> **Aim of the exercise**
The full listing, returned exactly and free of pictures, is the expected answer.

> **Input data**
- Opening Delimiter -

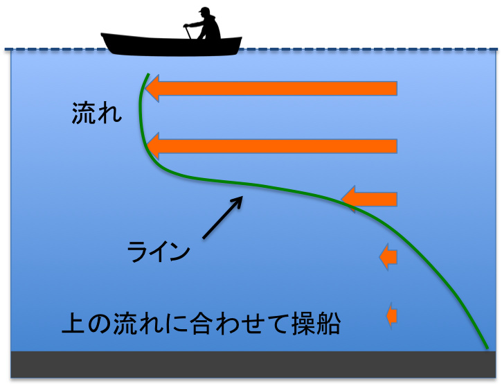 ま,この作業は最初の1流し2流しで,船頭さんが底潮の流れる向きや速さが分かってくれば,最初から底潮に合わせてアプローチされます.それでも最初は少しラインを船から離しておいたほうが立てやすいので,ラインは少しだけ船から離れます.また,最初から底潮に合わせてアプローチしているので,かなりたるみができます.
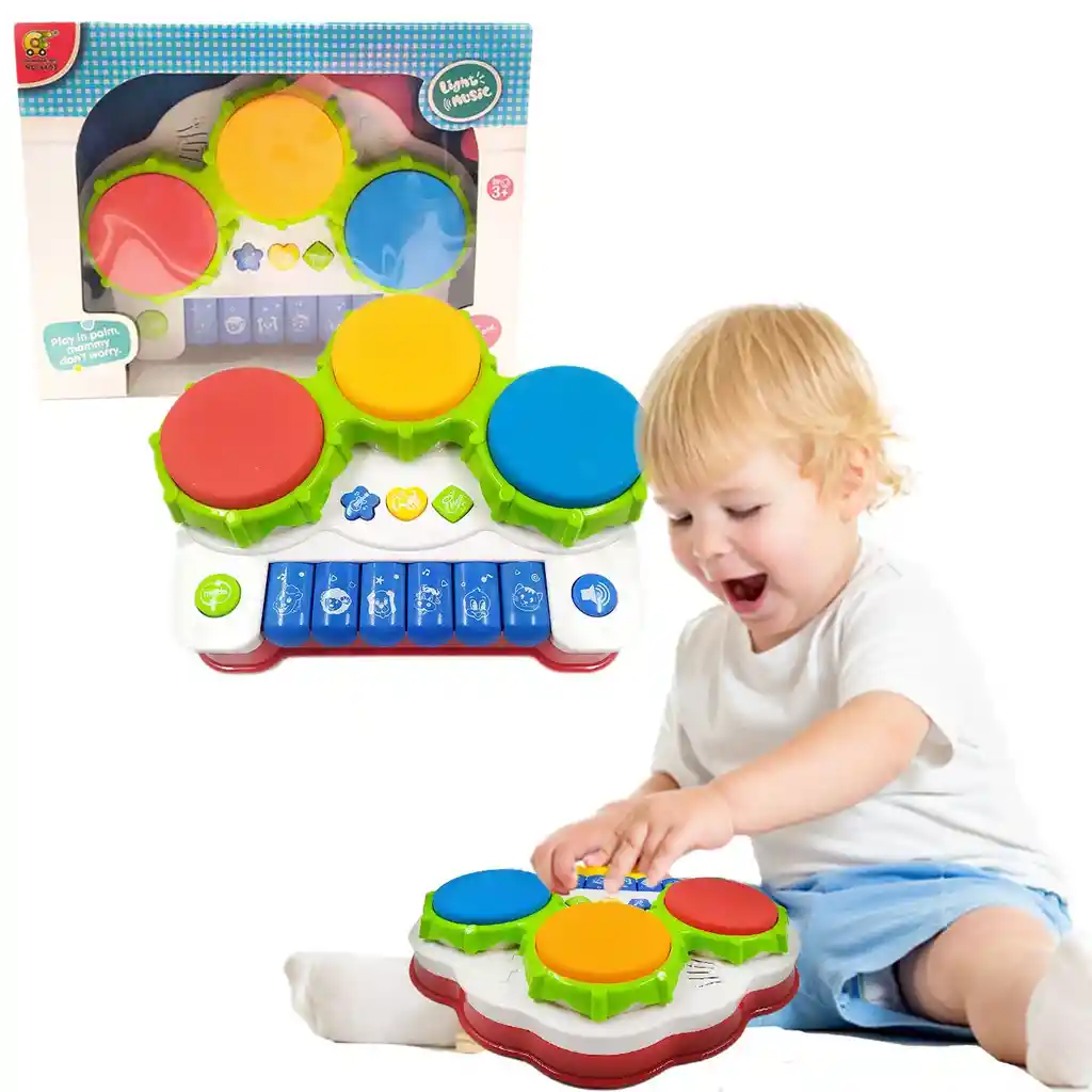 *Alta calidad y súper seguro: el juguete de tambor de piano con teclado musical está hecho de plástico ABS no tóxico y ecológico de alta calidad. Es completamente seguro e inofensivo, incluso si su hijo intenta morderlo cuando juega, no debe preocuparse por la seguridad. El borde redondo protegerá sus pequeñas manos mientras que la luz suave protegerá los ojos del niño. No se rompió ni se rascó incluso cuando se arrojó sobre el piso duro. *Educación de la primera infancia: los tambores musicales son azules, naranjas y rojos, una vista colorida que despierta el interés de su hijo y estimula su curiosidad hacia el sonido y los colores. Forma linda y botón colorido bueno para alimentar el interés del bebé en el juguete y desarrollar su competencia cognitiva de colores, patrones y animales, también útil para nutrir la inteligencia, la imaginación y la creatividad del bebé. *Cuatro modos divertidos: el juguete de tambor de piano con teclado musical tiene 4 modos para elegir. Cada modo tiene su propio conjunto de sonidos e instrumentos que se pueden tocar presionando las teclas del piano y los coloridos botones superiores. Escuche los sonidos de guitarra, trompeta, saxofón, teclado y tamborine, junto con el sonido de animales salvajes y lindos de la selva. Además, un botón de volumen azul le permite controlar el volumen del juguete musical fácilmente. *Diseño único: con una apariencia y un diseño exquisitos junto con botones bonitos, cada botón tiene un patrón animal único, tiene diferentes sonidos de animales. Lo que capta aún más la atención de su hijo mientras toca el tambor de piano musical con teclado. El juguete de tambor de piano con teclado musical puede despertar completamente la atención y el interés de su bebé.
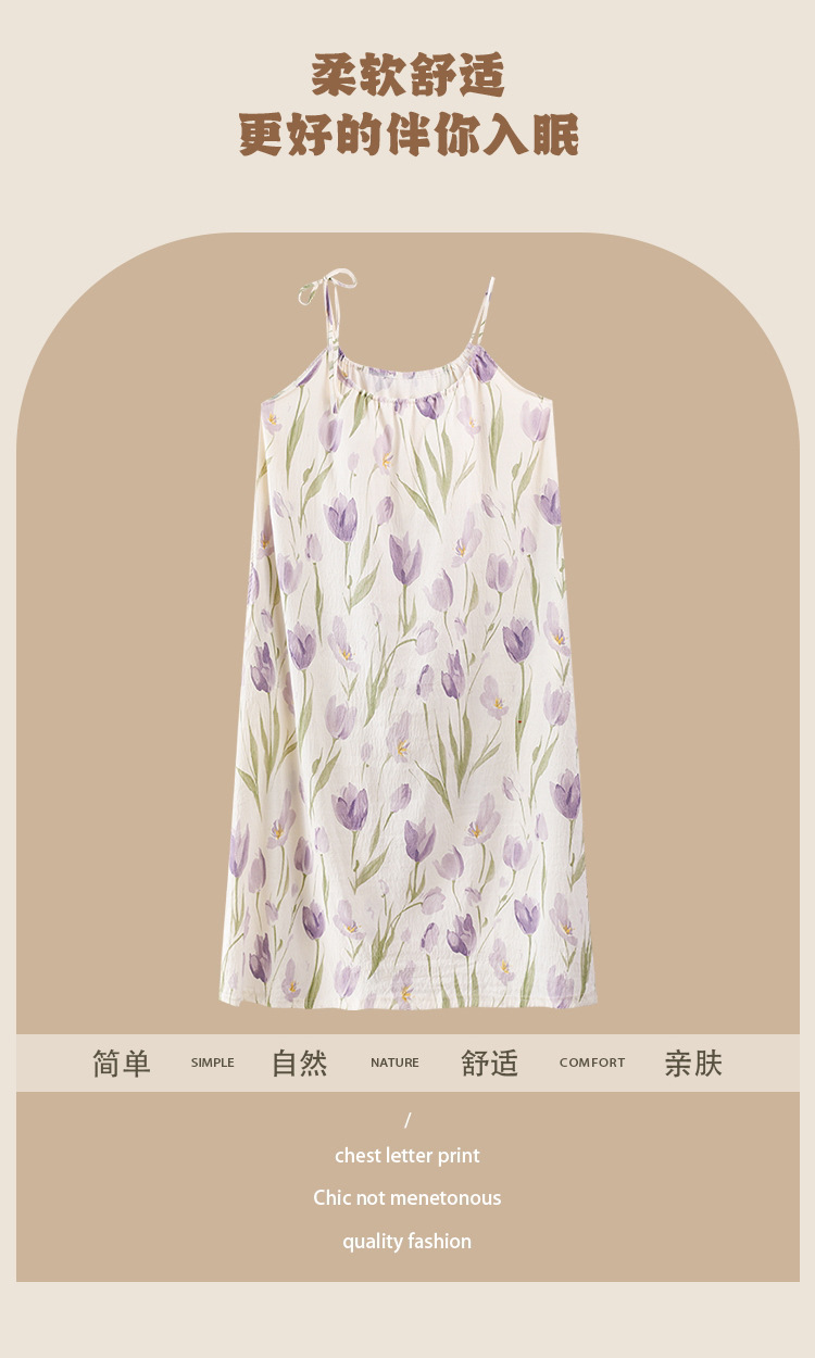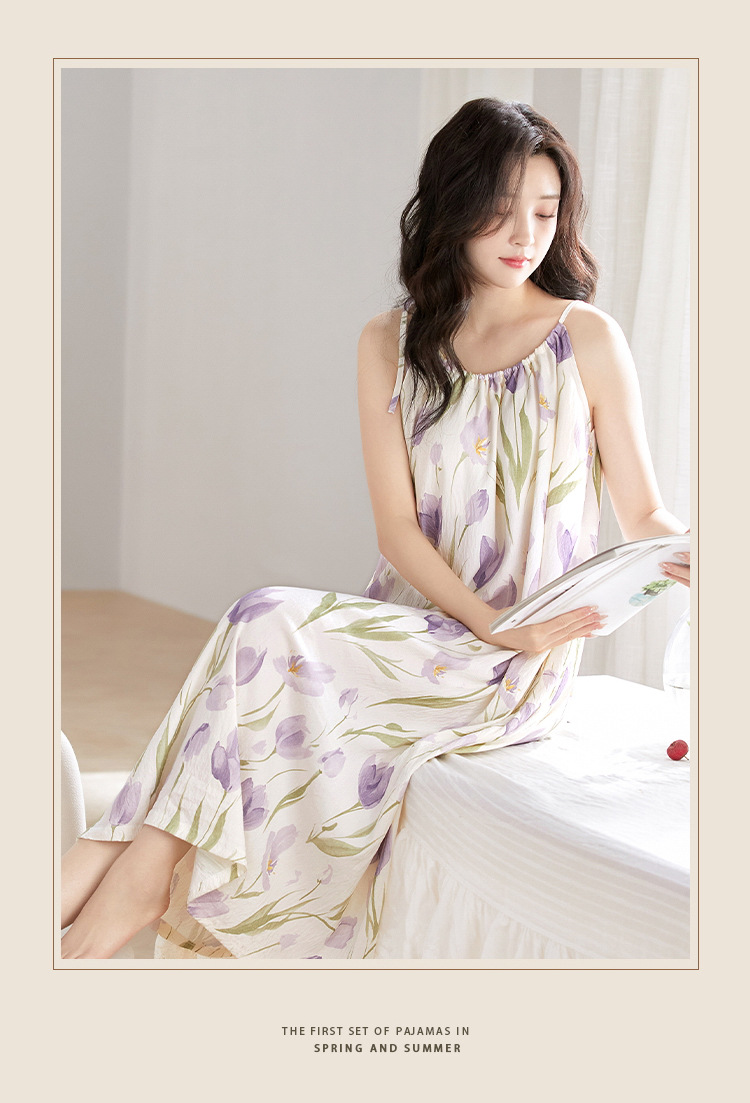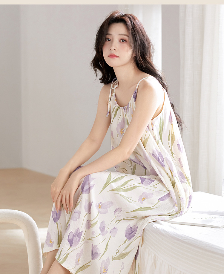 綿 100% サスペンダーパジャマ女性の夏の純粋な綿胸パッドホームウェアネグリジェ薄い紫色の猫ルーズ大きいサイズ

- Closing Delimiter -

> **Answer for the task**
 ま,この作業は最初の1流し2流しで,船頭さんが底潮の流れる向きや速さが分かってくれば,最初から底潮に合わせてアプローチされます.それでも最初は少しラインを船から離しておいたほうが立てやすいので,ラインは少しだけ船から離れます.また,最初から底潮に合わせてアプローチしているので,かなりたるみができます.
 *Alta calidad y súper seguro: el juguete de tambor de piano con teclado musical está hecho de plástico ABS no tóxico y ecológico de alta calidad. Es completamente seguro e inofensivo, incluso si su hijo intenta morderlo cuando juega, no debe preocuparse por la seguridad. El borde redondo protegerá sus pequeñas manos mientras que la luz suave protegerá los ojos del niño. No se rompió ni se rascó incluso cuando se arrojó sobre el piso duro. *Educación de la primera infancia: los tambores musicales son azules, naranjas y rojos, una vista colorida que despierta el interés de su hijo y estimula su curiosidad hacia el sonido y los colores. Forma linda y botón colorido bueno para alimentar el interés del bebé en el juguete y desarrollar su competencia cognitiva de colores, patrones y animales, también útil para nutrir la inteligencia, la imaginación y la creatividad del bebé. *Cuatro modos divertidos: el juguete de tambor de piano con teclado musical tiene 4 modos para elegir. Cada modo tiene su propio conjunto de sonidos e instrumentos que se pueden tocar presionando las teclas del piano y los coloridos botones superiores. Escuche los sonidos de guitarra, trompeta, saxofón, teclado y tamborine, junto con el sonido de animales salvajes y lindos de la selva. Además, un botón de volumen azul le permite controlar el volumen del juguete musical fácilmente. *Diseño único: con una apariencia y un diseño exquisitos junto con botones bonitos, cada botón tiene un patrón animal único, tiene diferentes sonidos de animales. Lo que capta aún más la atención de su hijo mientras toca el tambor de piano musical con teclado. El juguete de tambor de piano con teclado musical puede despertar completamente la atención y el interés de su bebé.
 綿 100% サスペンダーパジャマ女性の夏の純粋な綿胸パッドホームウェアネグリジェ薄い紫色の猫ルーズ大きいサイズ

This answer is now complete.